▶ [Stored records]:
*** Block opens ***

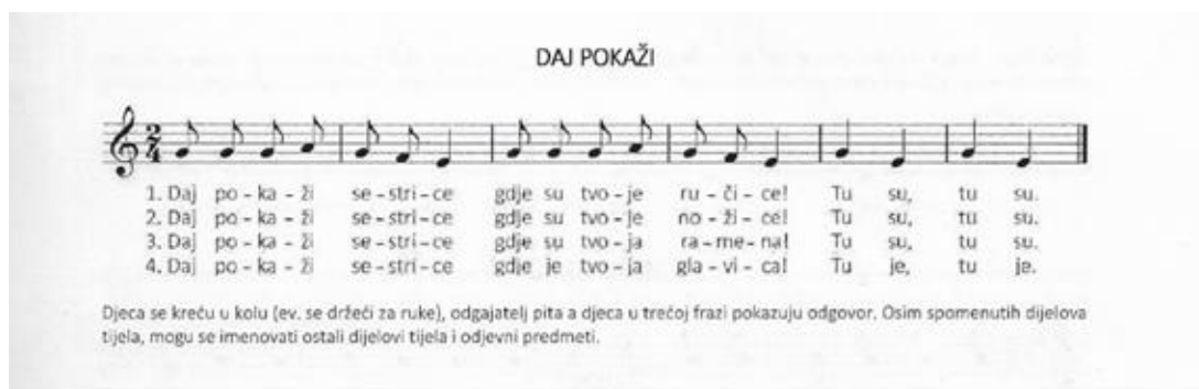
Slika 5. Igra s pjevanjem Daj pokaži (Izvor: Kraljić, J., Pjesmom kroz igru )

Osim toga, dijete može spoznati i svoje unutarnje osjećaje te osvijestiti kako se ne mora sramiti drugima pokazati je li tužno ili sretno u određenim situacijama koje ga rastužuju ili usrećuju. Na primjer, u igri s pjevanjem „Na kamen sjela Ljubica“, Ljubica se otvara svojoj sestrici i govori joj zašto plače, dok ju sestra tješi. U tome djeca dobivaju pozitivan primjer kako bi se i oni trebali brinuti za svoje prijatelje kada vide da su tužni te saznati od njih što ih muči i mogu li im na neki način pomoći, a time također unaprjeđuju svoj spoznajni razvoj kroz brigu za druge.
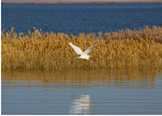
Parc national de Khustai ♡ 🚗 290km - ⌚ 5h Lac d'Ögii ♡
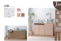
J.zone J1D (A4 ヨコ)
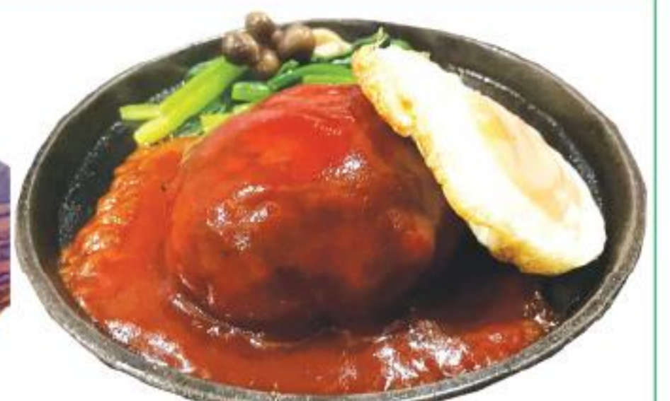
うちのかあちゃんのハンバーグ 220B

『牛すじ煮』『枝豆』『大根漬け』などあります。 自家製ポテトサラダは、素朴な味わいがクセになると、密かな人気メニュー
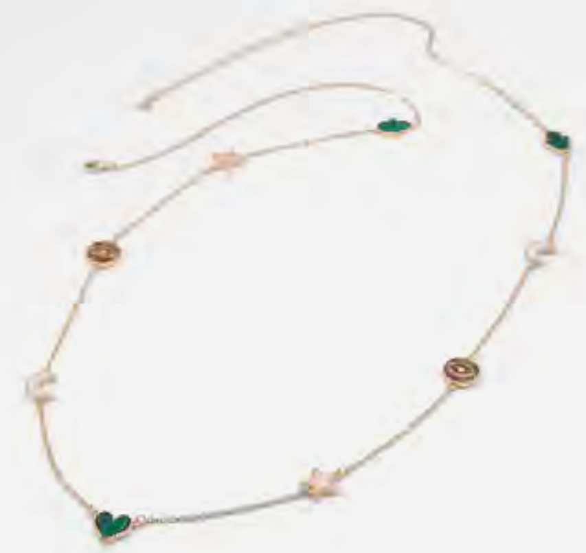
قلادة سولينلا ذهبية AED 129
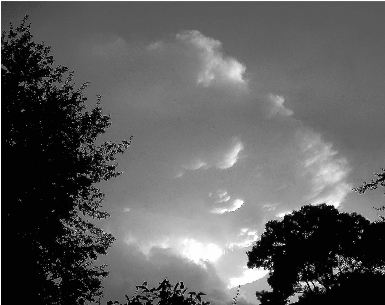
De uitzakkingen onderaan de wolk treden volgens Dick slechts incidenteel op bij fel onweer.

De weersite van Dick is de afgelopen week zeer druk bezocht door Zoetermeesters. „Normaal worden we gemiddeld 600 keer aangeklikt, met extreem weer wel 1600 keer.” En extreem was het weer de afgelopen maand met hittegolven en tropische regenbuien. Dick wordt er niet zenuwachtig van. „Dat de aarde opwarmt is een feit”, zegt hij nuchter. „Hoe het weer en het klimaat gaan veranderen, daarover spreken de geleerden elkaar tegen. De vele regen van de laatste weken komt door het warme zeewater. Als daar relatief koude noordenwinden overheen gaan, ontstaan makkelijk felle buien. En als die buien ook nog eens blijven hangen, heb je wateroverlast. Het is heel plaatselijk. Laatst sloeg de bliksem in in mijn weerstation aan de Chromstraat, terwijl de
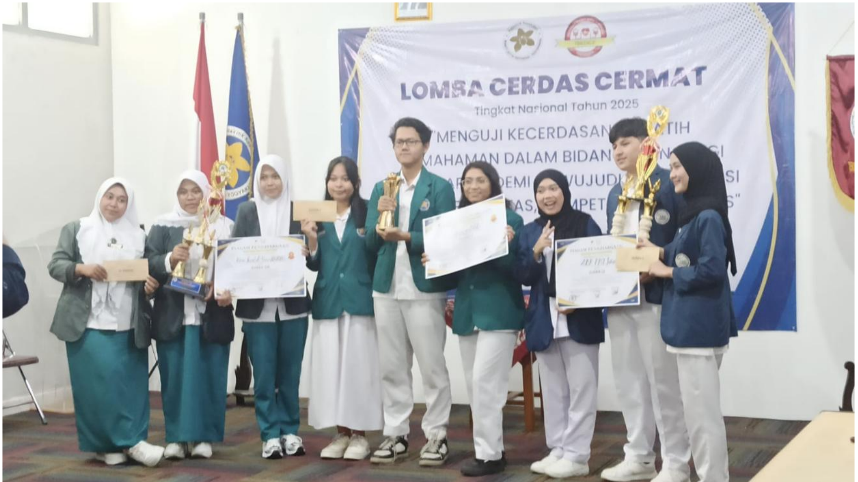
Penyerahan Piala kejuaraan LCC TBD
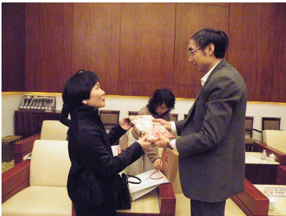
周院長與首都博物館館長交換禮物
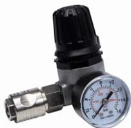
Régulateur d'air : Réf. 7728
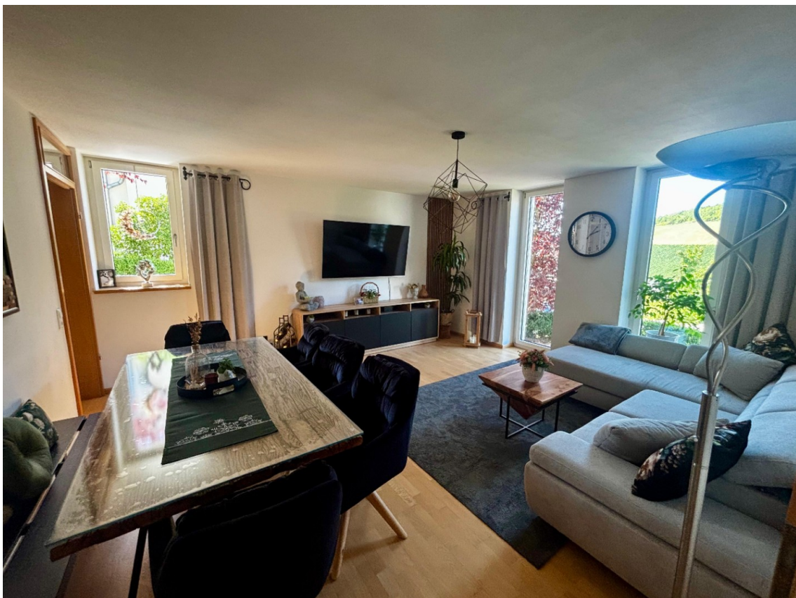
Wohn- / Eßzimmer
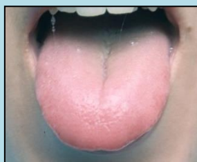
bledý a nateklý oblast plic (LU)
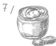
Masła orzechowe, pasta tahini
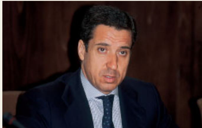
Eduardo Zaplana, ministro de Trabajo y Asuntos Sociales y portavoz del Gobierno

Mariano Rajoy, nuevo secretario general del Partido Popular, sale del Gabinete y se presentará como candidato a la Presidencia del Gobierno en las próximas elecciones generales. Por su parte, Rodrigo Rato sigue desempeñando la cartera de Economía y el nuevo portavoz del Gobierno, la de Trabajo y Asuntos Sociales.
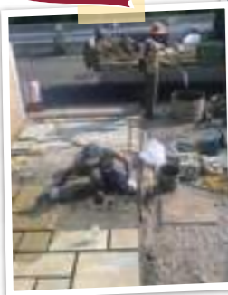
乱形石のヨークシャーストーンとレンガ
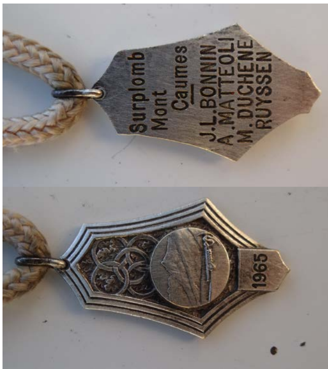
Mont Caumes Médaille J&Sports
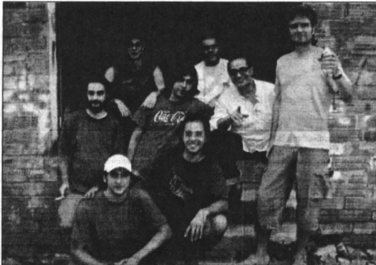
Una imatge conjunta de Los Manolos i del grup de la Garriga Gertrudis (L'ABRM)

L'espectacle que es podrà veure a l'Ateneu té el seu origen al festival Acústica de Figueres on, per primera vegada, Los Manolos i Gertrudis van actuar conjuntament en directe. L'èxit d'aquell esdeveniment i la bona relació entre ambdós conjunts va fer que es
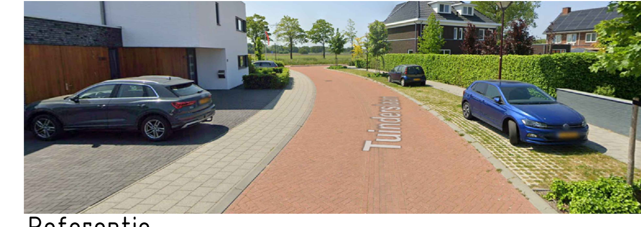
Referentie TUNDERSLAAN TE OUDENBOSCH
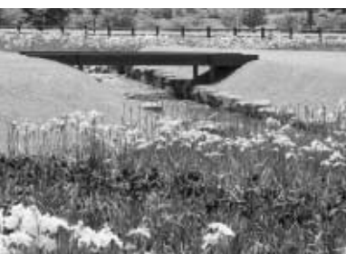
鳥見山公園内では、6月下旬に あやめ祭りを開催
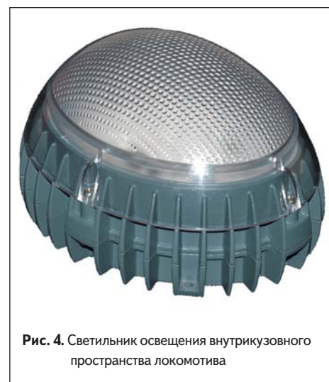
Рис. 4. Светильник освещения внутрикузовного пространства локомотива
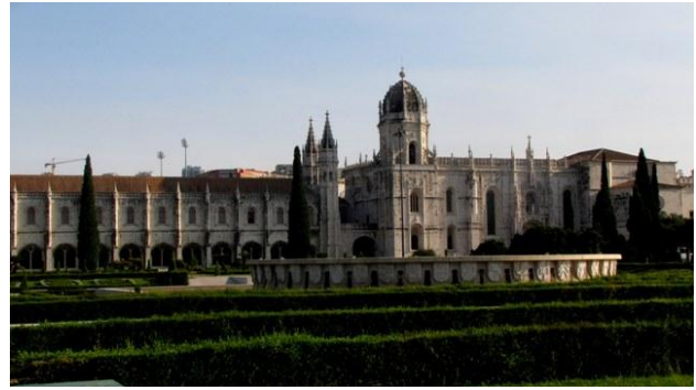
32 - Mosteiro dos Jeronimos

Noi abbiamo preso l'elevador de Santa Justa , un ascensore monumentale, ma la lunga fila che abbiamo dovuto fare e i tempi morti ad ogni discesa o salita (praticamente partenze ad orario) sono veramente spropositati in confronto ai 5-10 minuti che si impiegherebbero per salire a piedi. Se vi piace il Fado e volete ascoltare questa musica, approfittatene appena trovate un locale dove lo eseguono. Abbiamo scoperto che ascoltarlo non è poi così facile come si pensava: il primo giorno, in un locale nell'Alfama, la città vecchia, in un ristorante all'aperto, un gruppo di musicisti eseguiva questa musica tradizionale; abbiamo pensato di tornarci per ora di cena, ma purtroppo la sera ci siamo aggirati inutilmente nel
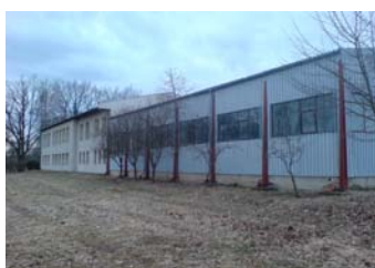
Hala praxe a odborného výcviku Nový Dvůr
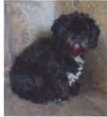
ADOL né en 2005
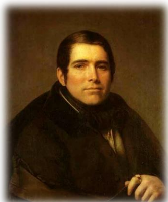
Пётр Александрович Плетнёв

В студенческие годы Ершов сблизился с профессором русской словесности Петром Плетнёвым, познакомился с Василием Жуковским и Александром Пушкиным . На их суд девятнадцатилетний студент отдал своё первое крупное произведение — сказку «Конёк-горбунок», прочитав которую, Пушкин с похвалой сказал начинающему поэту: «Теперь этот род сочинений можно мне и оставить».
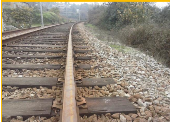
Início dos trabalhos
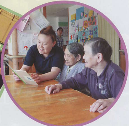
午後のひととき この日は昔話を一緒に 朗読しながら楽しみました
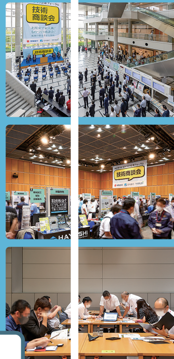
* 2022年開催の様子です。

2023年8月30日(水) 10:00～17:00 (オープニングセレモニー 9:45) つくば国際会議場
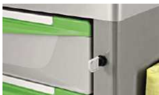
Centralna blokada szuflad na klucz
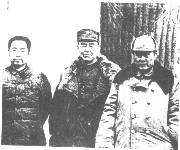
▲ 1949年2月，周恩来（左1）与傅作义（左3）、邓宝珊（左2）在西柏坡合影。
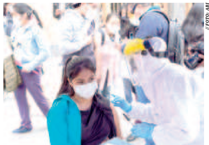
Jóvenes reciben vacunación contra el Covid-19.

Las autoridades educativas subrayan la necesidad de pre-
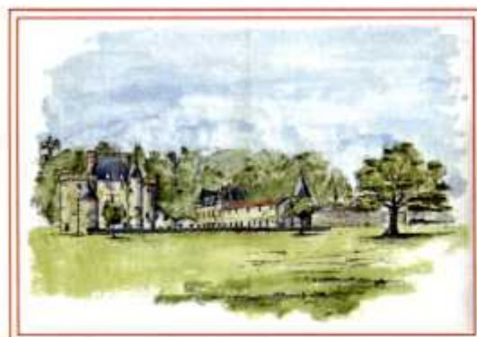
LE CHATEAU DE < BOUPAIRE PAR BAUD
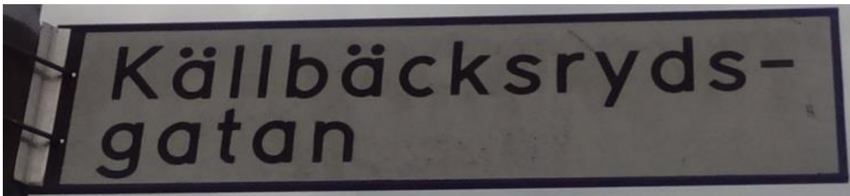
Källbäckeryds-gatan med tvärgatorna Käll-, Bäck- och Rydsgatan verkar vara det enda, som minner om kronohemmanet Kiällebäcksryd i Brämhults socken.

Möjligen var urfadern Anders efternamn Larsson, då en förmodad son Lars Andersson från Kiällebäck (gift 1662), som alltså kan ha varit storebror till Sven Andersson (gift 1668), fick flera barn där åren 1663-1671.
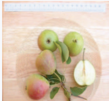
Particolari pomologici della Pera Zammarrino (F. Minonne)

Tradizione orale. Rilievi ed osservazioni pomologiche sono state fatte nell'ambito di una tesi di Dottorato (Minonne, 2008). Non è riportata dagli autori pugliesi che si sono occupati di questa specie (Donno 1959; Reina 1974; Ferrara 1970).
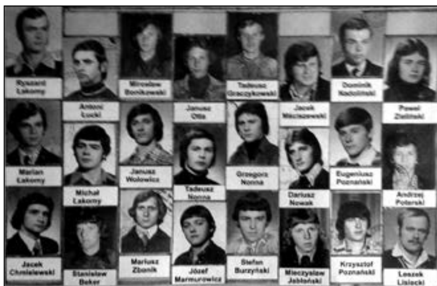
Kadra Zamku Gołańcz
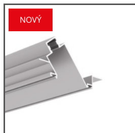
POKET A01179 Ref. arch H1179
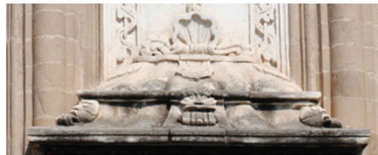
Figura 12. Hornacina.

La relación de la Virgen con las fases lunares es importante; en una de las esquinas del inmueble se encuentra una flor de azahar, la cual representa la virginidad, la pureza, la castidad, la fecundidad, el conocimiento y la redención, emblemas de la Virgen María. El lugar que ocupa esta flor es el día 7, es decir, cuarto menguante o cuarto creciente.
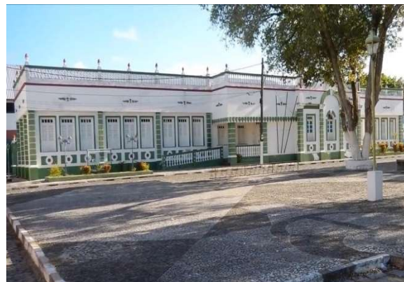
Figura 6b: Secretaria Municipal de Educação, Canavieiras-BA, 2019.

É possível perceber nas Figuras 6a e 6b que no entorno do prédio o padrão do calçamento da praça continua o mesmo e que a árvore não foi removida, ela se desenvolveu, seu crescimento é perceptível. Mas nesse ponto pode-se destacar que tanto a função quanto a forma do prédio nessa paisagem foram modificados, onde agora funciona um espaço público destinado a gerir todo o sistema de ensino de Canavieiras.

*** Block closes ***

▶ [Directions]:
Give the number of lines in the entries above that include the word "Trabajo", and nothing more.

▶ [Solution to this task]:
2